Monday 11 April 2011

The sun is shining...

...and temperatures are rarely below 20 degrees at the moment, which means I am not spending as much time indoors as I was. This coupled with a large number of tours and the final preparations for the exhibition's shipment to the United States has meant little time for blogging.

That and I've just been lazy. I'm sure there are thousands of internet URLs out there with blogs that have fizzled out after a few posts, and thousands more with 'sorry for the lack of posting' apologies like this one. That's an interesting point actually; how do you end a blog? I'm not planning on ending this one until September when my project ends and I start a new challenge (more on that in due course), but how does one end it? Goodbye? End of transmission?

*****

Either way, I'll quickly tell you about one of my procrastination tools. I have been watching 'Long Way Down' on YouTube, the series in which Ewan McGregor and Charley Boorman travel through Africa on their way from John O'Groats to Cape Town and gawp at tribes in post colonial wonder. It's nice escapist TV, the kind of thing you get on the DAVE channel in the UK (motto: "Home of witty banter") designed especially for 'blokes'. Anyway, alongside their ride they also visit a number of UNICEF projects, which often make for the most moving parts of the journey.
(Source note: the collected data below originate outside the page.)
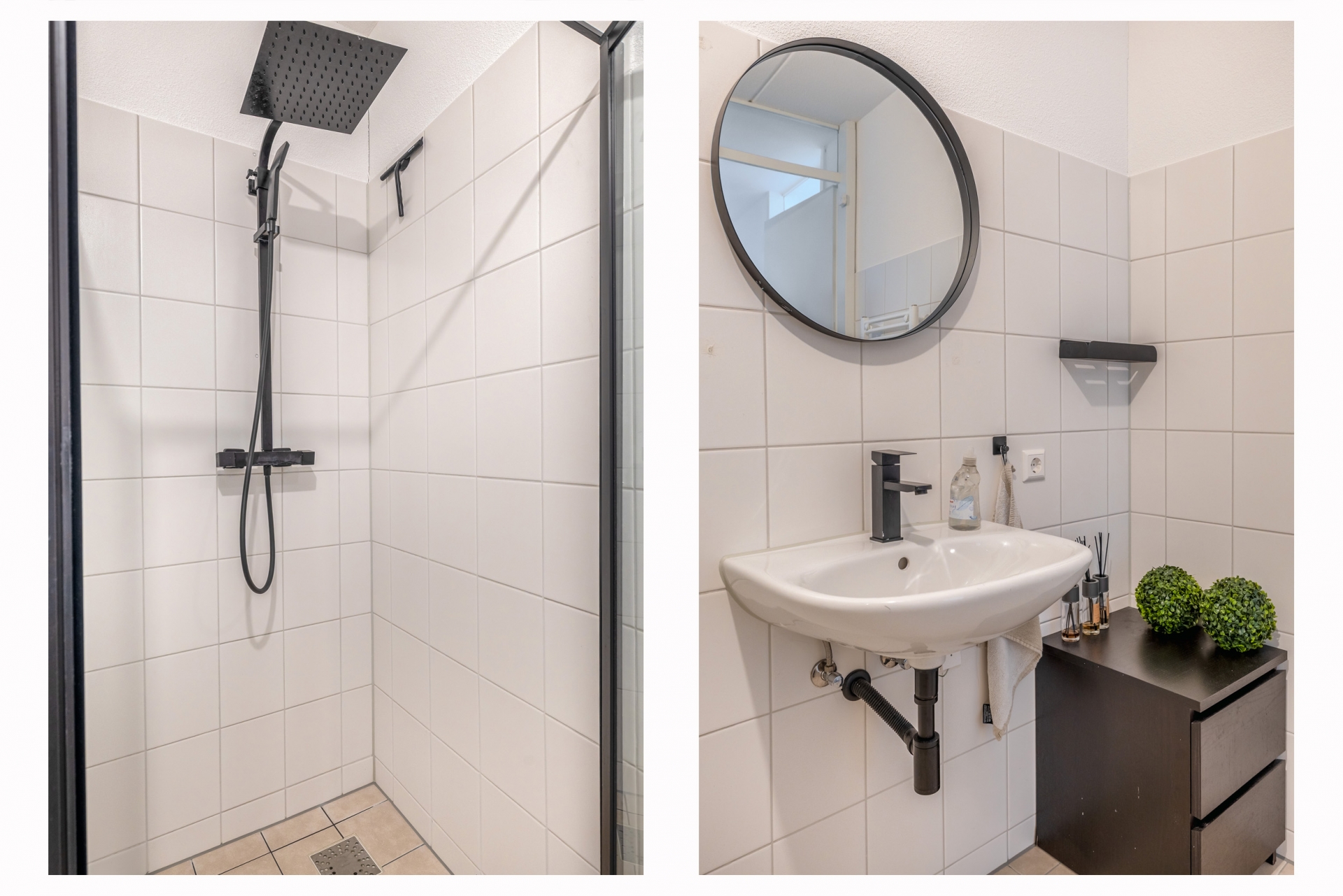 De badkamer is modern afgewerkt en voorzien van een ruime douche, een fraai wastafelmeubel en een toilet.
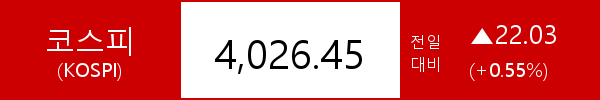.코스피, 22.03포인트(+0.55%) 상승한 4,026.45
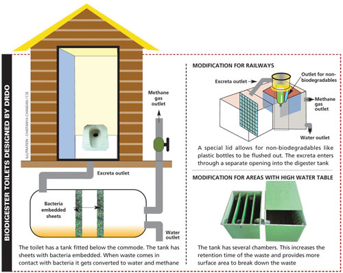The bio-digester is a spin-off technology product developed by scientists from the DRDE, Gwalior, and Defence Research Laboratory (DRL), Tezpur, to treat biological wastes of soldiers serving in the high altitudes of Ladakh and Siachen. Since 2012, Indian Railways has started to transform all on-board toilets into bio-toilets. With an average 18 million people travelling by train every day, Indian Railways is a lifeline but its toilets are in a pitiful state.

Of interest to me was their stop-off in Kigali, Rwanda, where they had to deal with the consequences of Genocide. The Genocide in Rwanda saw the Hutu majority massacre the Tutsi ethnic minority, who had been most associated with previous colonial governments. It is a very different genocide from the one I work with, for although both the Nazi Holocausts and the Rwandan genocide involved the systematic persecution of a minority, they are shocking in different ways. The Nazi Holocaust shocks us because of its cold blooded calculation, the way in which murder had a price, the cheapest and most efficient ways of exterminating people the better. The Rwandan Genocide shocks us, and I think more so in the west, because of the personal nature of the massacre. People were chopped to pieces with machetes and bludgeoned to death with hammers. This was incredibly warm blooded brutality, entirely irrational and charged with emotion.

Charley and Ewan visit a church in which five thousand people were murdered. Their bones are laid inside, along with their bloody clothes, left hanging from the ceiling. Ewan asks the girl who takes them around the question that is on everybody's mind as they watch, "So are you a Hutu or a Tutsi?"

"Back then I was Tutsi; now I am a Rwandan."